In June 2012, the Political and Constitutional Reform Select Committee published its reports into the recall process, listing twenty conclusions and recommendations which included the views that "a system of full recall may deter MPs from taking decisions that are unpopular locally or unpopular in the short-term, but which are in the long-term national interest",  note that expulsion would not prevent the person concerned standing in the resulting by-election. We recommend that the Government abandon its plans to introduce a power of recall", and "We have not seen enough evidence to support the suggestion that it will increase public confidence in politics, and fear that the restricted form of recall proposed could even reduce confidence by creating expectations that are not fulfilled."

In October 2014, during the final stage of debate on the bill in the Commons, opponents of the recall process pressed for assurances that voters could not begin recall petitions on the basis of views held or speeches made. Labour MP Geraint Davies said that misuse of the process would be an "intrinsic corruption of our democracy". Labour MP Frank Dobson opposed recall as a threat to "hinder social progress" by "vested interests".

Opponents of the process further worried that MPs "in fear" of being recalled would increase the number of "automatons and lobby fodder" in the Commons.

Details of the act
Section 1 sets out the circumstances in which the Speaker of the House of Commons would trigger the recall process, namely:
A custodial prison sentence (including a suspended sentence);
Suspension from the House of at least 10 sitting days or 14 calendar days, following a report by the Committee on Standards;
A conviction for providing false or misleading expenses claims.

Sections 7–11 outline the procedure whereby the petition is forwarded by the electoral returning officer for the constituency to the MP's constituents for ratification, approval by 10 per cent of the registered electors triggering the loss of the MP's seat and a by-election.
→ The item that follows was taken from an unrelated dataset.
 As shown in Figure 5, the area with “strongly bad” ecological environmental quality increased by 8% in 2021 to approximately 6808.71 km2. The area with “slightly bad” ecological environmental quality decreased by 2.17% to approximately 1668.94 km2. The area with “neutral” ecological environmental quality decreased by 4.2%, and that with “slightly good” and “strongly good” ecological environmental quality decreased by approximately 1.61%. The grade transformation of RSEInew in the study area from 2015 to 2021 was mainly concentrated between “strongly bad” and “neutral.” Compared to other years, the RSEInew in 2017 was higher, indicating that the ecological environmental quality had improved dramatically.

Section 15 confirms that the seat becomes vacant if the petition is successful, if it has not already been vacated by disqualification or death, or otherwise.
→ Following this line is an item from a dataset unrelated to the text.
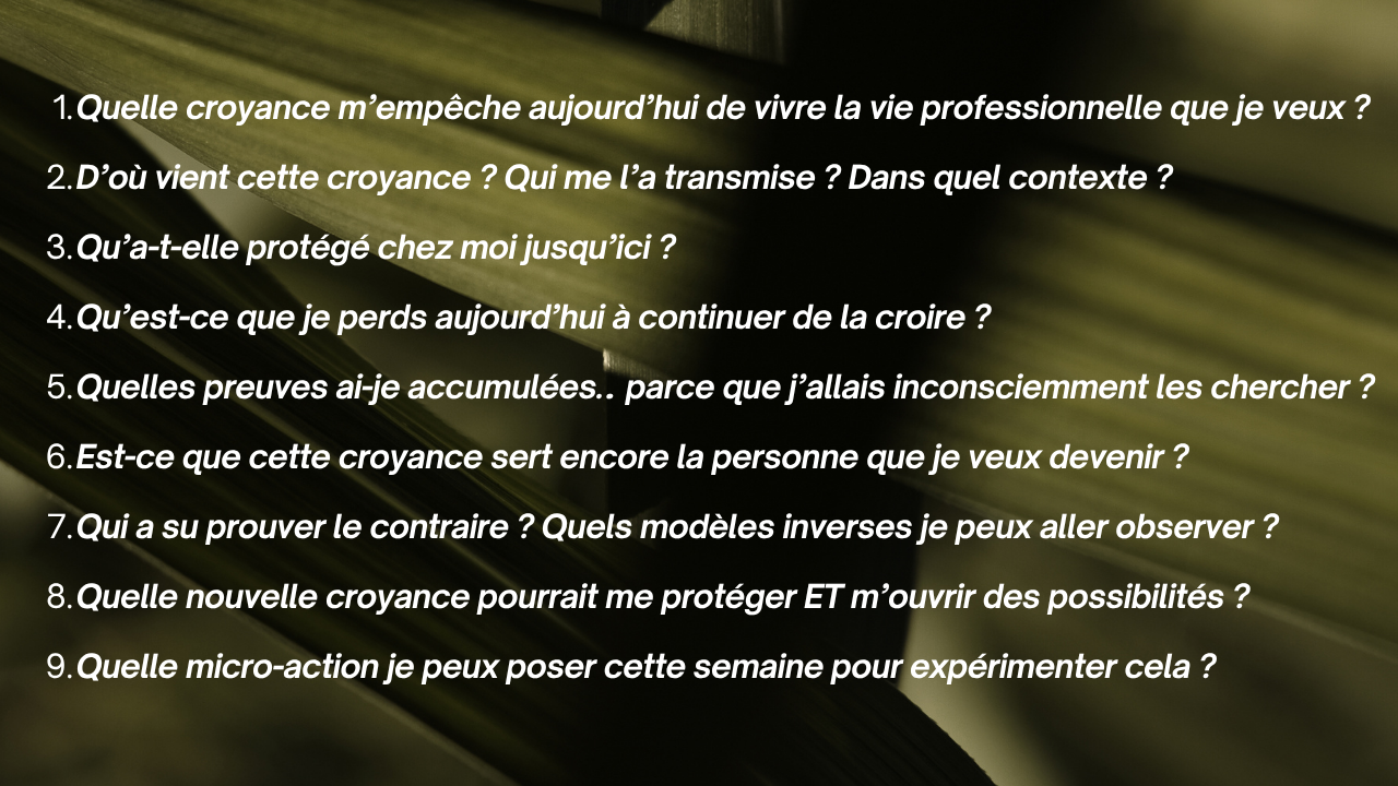 Le travail, c’est : comment créer une nouvelle croyance qui protège ce qui est important pour toi… tout en t’autorisant à avancer ?

Sections 16–22 make further provisions, including outlawing forecasts of the outcome of active recall petitions which are based on statements from or surveys of potential signatories.

Suspensions imposed by the Independent Expert Panel (established 2020) originally could not trigger recall. This oversight was addressed by an amendment to the Standing Orders of the House of Commons passed in October 2021 requiring the Committee on Standards to recommend suspension if asked to do so by the Panel.

Recall procedure 
Once one of the conditions outlined in the act is fulfilled, the Speaker informs the petitions officer of the constituency (in most cases this would be the returning officer or acting returning officer). The petitions officer is then required to make the practical arrangements for the petition so as to open the proceedings within ten working days after the Speaker's notification. This involves selecting up to ten signing locations where petitioners can sign in person, these function in a similar manner to election polling stations. As with votes in elections, voters are able to sign via post or proxy. Campaigning for or against recalling the MP is regulated by spending restrictions.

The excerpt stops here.